Witajcie!
Za oknem mamy piękne słońce a trawnik wygląda lepiej niż w środku lata.
Gęsty i soczyście zielony:)
Także ja jeszcze zimy nie czuję.
Cały czas latam z grabiami i zbieram opadłe liście.
Dzisiaj żegnam jesień zdjęciami z puszczy i naszego ogrodu.
A od jutra zabieram się za mycie okien i przygotowywanie świątecznych dekoracji.
Na początek coś z "nowości" wnętrzarskich.
W salonie jeszcze nie dawno stał metalowy, narożny regał Ikea z serii Ronnskar.
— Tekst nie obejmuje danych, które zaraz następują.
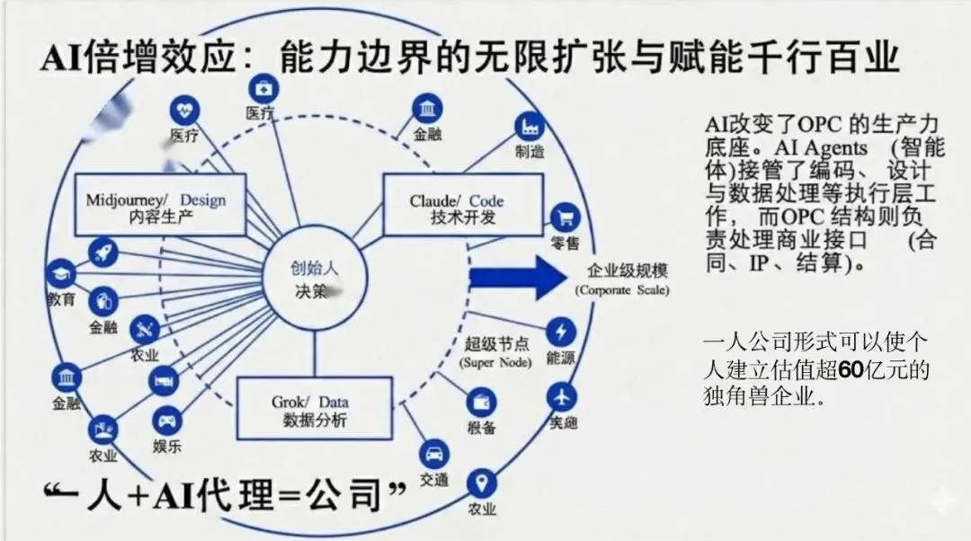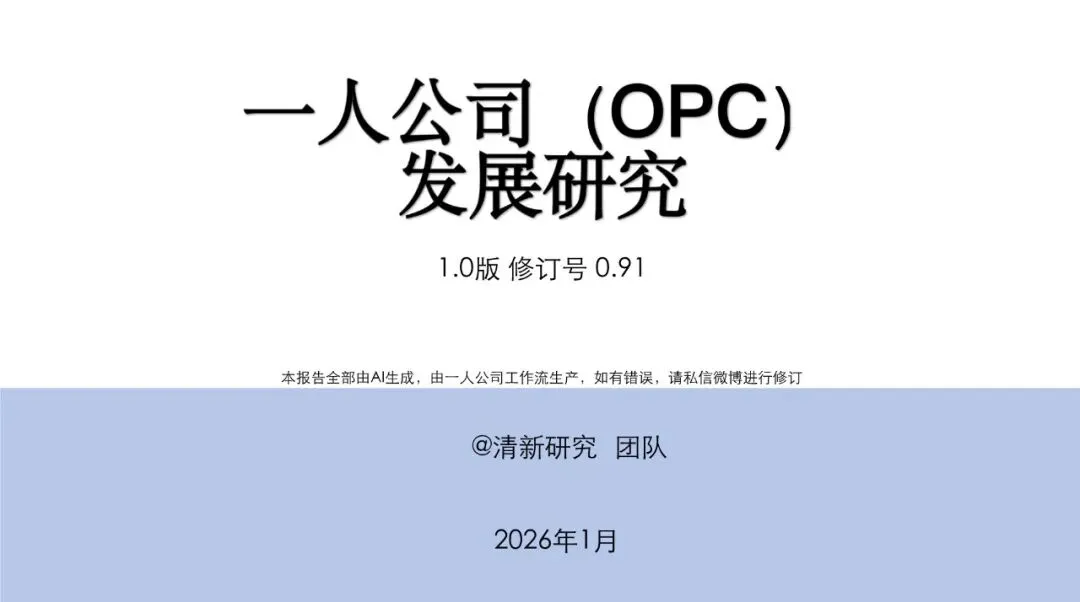 我来为您解读这份清华大学发布的《2026一人公司(OPC)发展研究报告》。这份报告由AI生成,采用"一人公司工作流"生产,探讨了AI时代下个体创业的新范式。报告将一人公司定义为单一股东与有限责任的制度结合。它享有完全的法人人格,股东仅以出资额为限对公司债务承担责任。报告强调,这不是简单的个体户升级,而是AI赋能下"个体商业能力极度放大"后的合规化形态。从发展脉络看,2023年前是零工经济/副业时代,2023-2025年进入AI增强个体阶段,而2026年标志着一人公司OPC成为主流创业结构。能力液态化——AI填平了所有技能洼地。创始人不再有明显短板,可以通过AI"取高补低",将自身原有天赋与AI赋能层结合,填补需求与执行之间的空白。这要求创始人具备两种关键能力:鉴赏力(知道什么是好的)和提问力(精准描述需求)。极致个性化——向内,工作流适应人而非人适应工作流;向外,提供的商品和服务高度个性化,精准匹配细分市场需求。AI作为人类集体智慧,让每个人都能在无限的知识组合中找到自己的个性化路径。硅基生产化——从"人雇佣人"的传统碳基逻辑,转向"人雇佣数字员工"的新硅基逻辑。线性碳基生产力加上指数硅基生产力,形成新质生产力。历史学视角:从19世纪受限于地理半径的家庭作坊,到21世纪全球市场触达的数字工作室,OPC是在更高维度上回归"自主经营",杠杆从家庭人力变为数字技术。经济学视角:非雇主企业数量持续增长,"X即服务"模式让个人按需租用生产资料,通过"数字员工"和"算力Token"获取规模经济,而非资本支出。心理学视角:一方面,自我决定理论指出自主性、能力感、归属感是核心燃料;另一方面,多角色切换带来的认知负荷是重大挑战,解决方案是将重复性决策外部化或自动化。技术哲学视角:AI从"工具"变为"合伙人",人与算法构成共生系统——人类负责价值观与创造性决策,机器负责海量执行与效率优化。报告提出基于多智能体的企业架构:人类创始人作为CEO/战略/价值观中心,周围环绕着Marketing Agent(内容生成/广告投放)、CS Agent(7×24客户响应)、Dev Agent(代码维护)、Finance Agent(记账/税务申报)、Ops Agent(库存/物流追踪)等专门化AI代理。技术实现上采用三层架构:执行层(LLM Agents负责任务拆解与执行)、协作层(Multi-Agent角色扮演)、连接层(Automation连接应用与数据流)。通过API将企业级功能模块像乐高积木一样拼装,无需自行开发底层设施。内容创作与媒体:AI短剧、个性化故事、AI漫画、特效剪辑、AI播客——瓶颈从"生产"转向"策划"与"审美"。数字产品与电商:虚拟物品、定制壁纸/表情包、AI艺术/NFT、数字模板——零物流、零库存,利润率极高。工具与软件服务:垂直图像工具、文案助手、代码生成、自动化工作流、数据可视化——"微SaaS"模式,一人维护后端,AI负责前端。教育与知识传播:个性化学习路径、AI知识问答、技能微课、AI职业规划——提供比传统课程更精准的"私教"体验。专业咨询服务:市场洞察报告、法律模板、商业计划书——单人交付传统咨询公司团队级成果。娱乐与生活方式:AI虚拟伴侣、生活建议、梦境与冥想——情绪价值成为新增长点。连接者——专业合规与数据服务,如跨境电商数据合规清洗、GDPR合规咨询。赋能者——垂直场景智能体,如"AI+硬件"解决线下实体痛点,典型案例是9.9元NFC智能卡让小店实现数字化。构建者——技术落地与运作,帮助企业部署大模型、客服系统及私有化知识库。报告提出"万能套利公式":找需求(稀缺的内容、审美或知识)+ 找供给(国内外低成本成熟资源)+ 做撮合(翻译、AI再生产、本地化优化)= 赚取差价。但同时也警示了伦理风险:算法资本可能加剧不平等——掌握AI杠杆者能力指数级增长,而被算法支配者仍线性增长;数字鸿沟、社会保障缺失的"不稳定无产者"风险、长期隔离带来的心理孤岛效应等。最终,报告将全球政策路径概括为"温室模式"(中国路径,聚焦AI+OPC产业园、算力补贴、硬件基建)与"雨林模式"(国际路径)的双向互动,核心公式归结为:1人 + AI = 1公司。部分内容预览

Jednak jak wymieniałm sofy i inne dekoracje przestał pasować. Dwa lata temu kupiłam stary, narożny kątnik i tyle samo czasu stał zapomniany w garażu. "Metalowca" udało się szybko sprzedać i to zmobiliozwało mnie do odnowienia zapomnianego mebla. Witrynę dałam do opiaskowania a następnie wykończyłam całość woskiem wybielającym firmy Liberon.
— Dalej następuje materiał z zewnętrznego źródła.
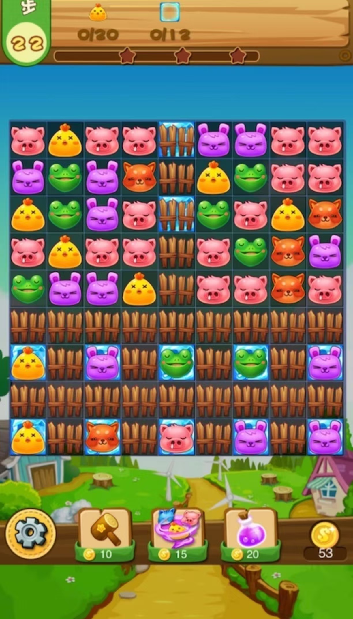 本作采用经典三消机制,每关布局随机生成,玩家需根据目标要求(如收集指定动物、清除障碍等)规划点击顺序。底部常驻道具栏支持金币兑换使用,通关奖励金币可积累用于后续关卡辅助。整体节奏明快,适合碎片化时间游玩。

Kątnik pierwotnie był ciemno brązowy, tak wyglądała góra po piaskowaniu.
A tak po woskowaniu:
Ostatnio w wolnych chwilach siedzę przy maszynie.
Ze swetra kupionego w sh na wagę uszyłam komin i getry dla Natalki.
Idealne na jesień i zimę.
Liściasta broszka:)
Jesienne chwile w ogrodzie.
Jakieś rolnicze "coś", które leży obok drewnianej chaty:)
W puszczy jeszcze można spotkać urocze muchomory.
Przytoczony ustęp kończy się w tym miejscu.